■ **TASK TO COMPLETE**: This calls for a verbatim copy of all the data, with no images carried over.

■ **GIVEN INFORMATION**:

◇ ◇ ◇ ◇ ◇

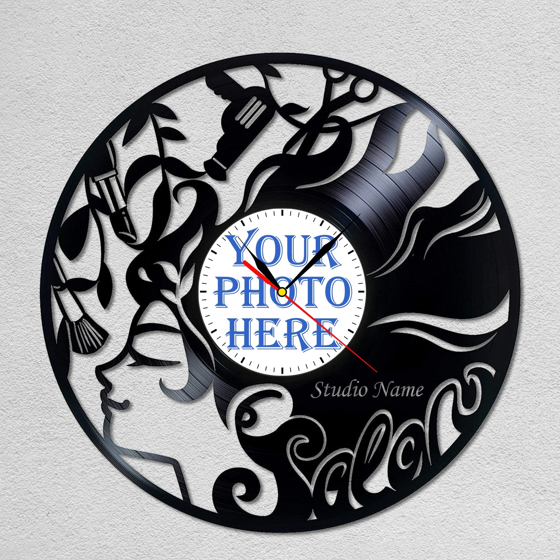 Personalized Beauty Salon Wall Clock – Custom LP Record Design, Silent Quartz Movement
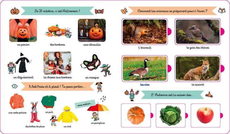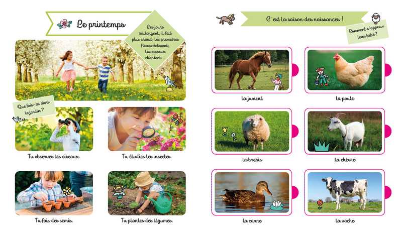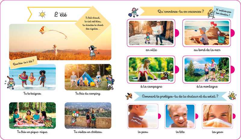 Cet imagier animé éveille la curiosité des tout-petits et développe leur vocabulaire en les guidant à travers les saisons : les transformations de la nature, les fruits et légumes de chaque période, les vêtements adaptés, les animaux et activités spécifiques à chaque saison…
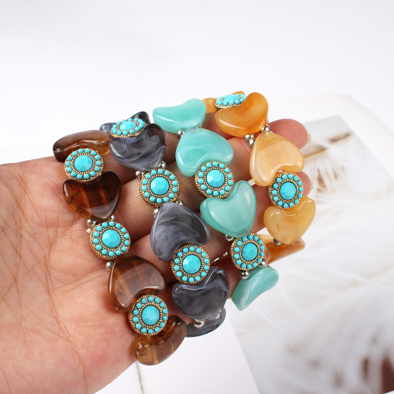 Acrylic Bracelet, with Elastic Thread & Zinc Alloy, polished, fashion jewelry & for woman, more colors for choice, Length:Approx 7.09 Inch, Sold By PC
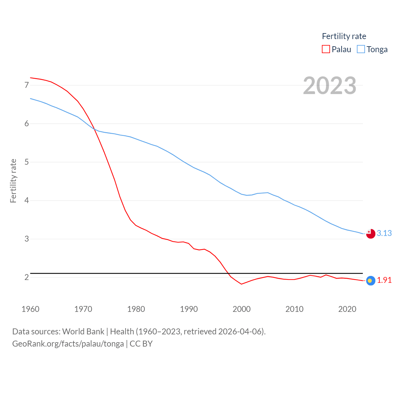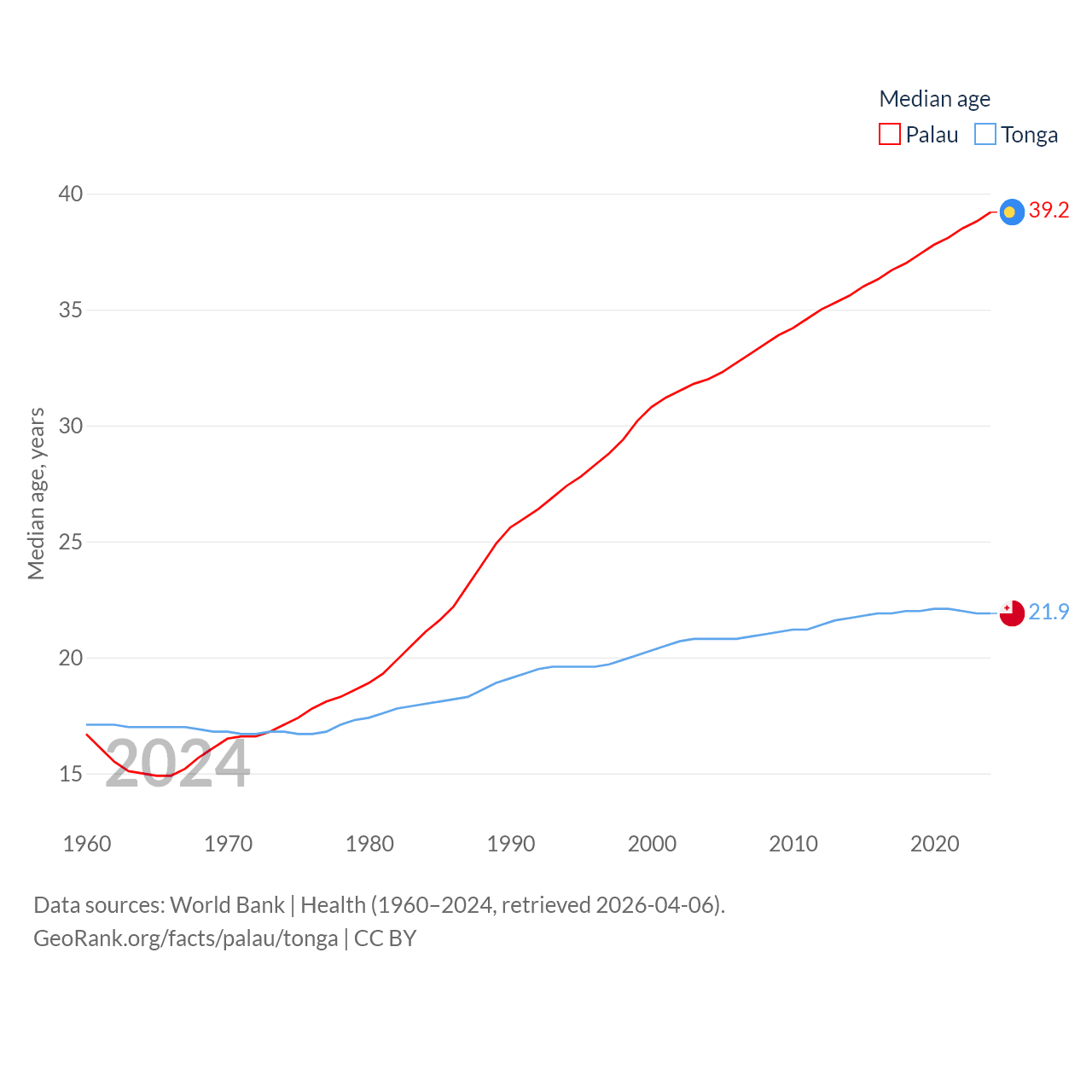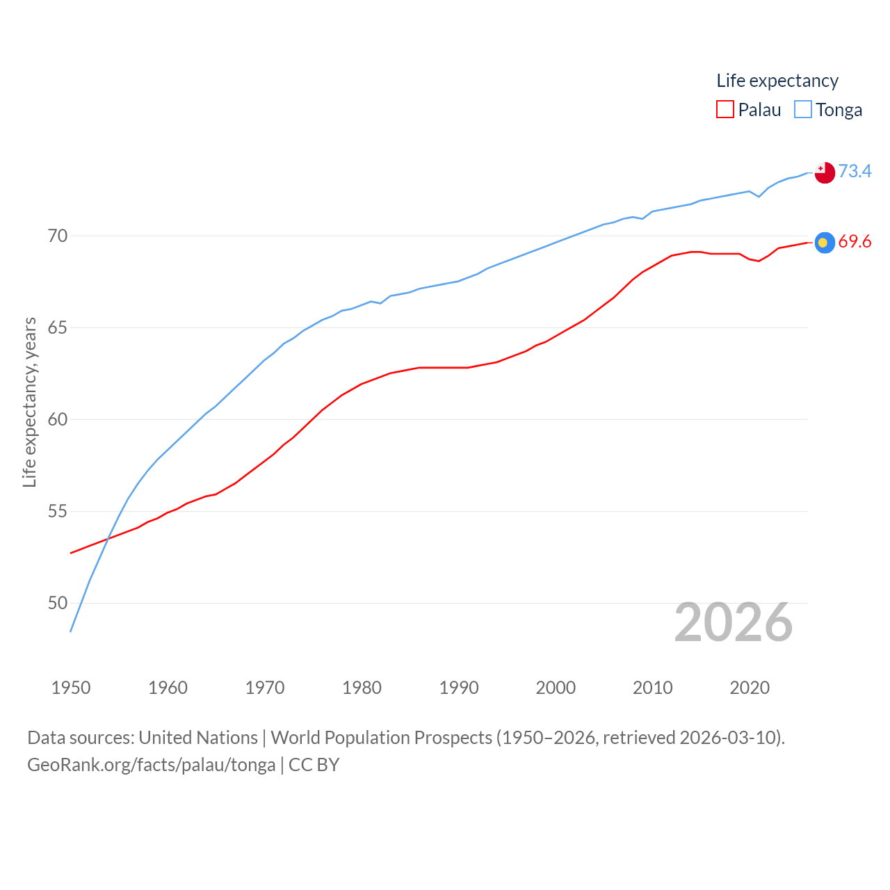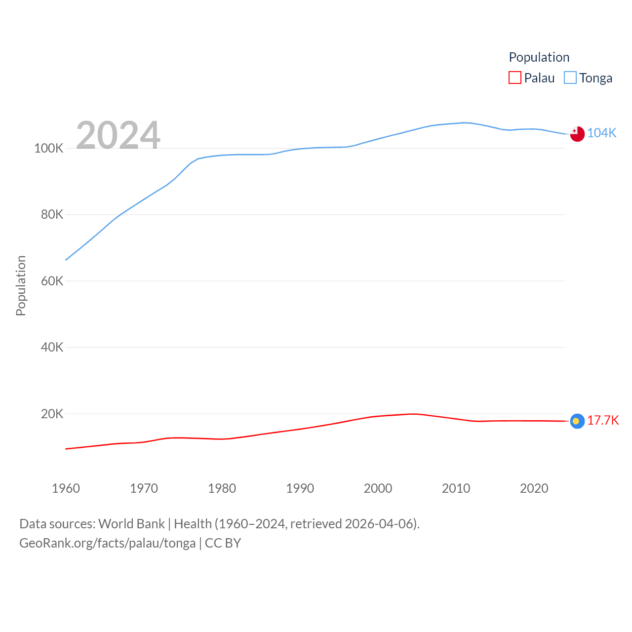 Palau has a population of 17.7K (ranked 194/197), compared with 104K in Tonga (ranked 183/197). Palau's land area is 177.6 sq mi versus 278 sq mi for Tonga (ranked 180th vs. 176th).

◇ ◇ ◇ ◇ ◇

■ **WORKED SOLUTION**:
 Personalized Beauty Salon Wall Clock – Custom LP Record Design, Silent Quartz Movement
 Cet imagier animé éveille la curiosité des tout-petits et développe leur vocabulaire en les guidant à travers les saisons : les transformations de la nature, les fruits et légumes de chaque période, les vêtements adaptés, les animaux et activités spécifiques à chaque saison…
 Acrylic Bracelet, with Elastic Thread & Zinc Alloy, polished, fashion jewelry & for woman, more colors for choice, Length:Approx 7.09 Inch, Sold By PC
 Palau has a population of 17.7K (ranked 194/197), compared with 104K in Tonga (ranked 183/197). Palau's land area is 177.6 sq mi versus 278 sq mi for Tonga (ranked 180th vs. 176th).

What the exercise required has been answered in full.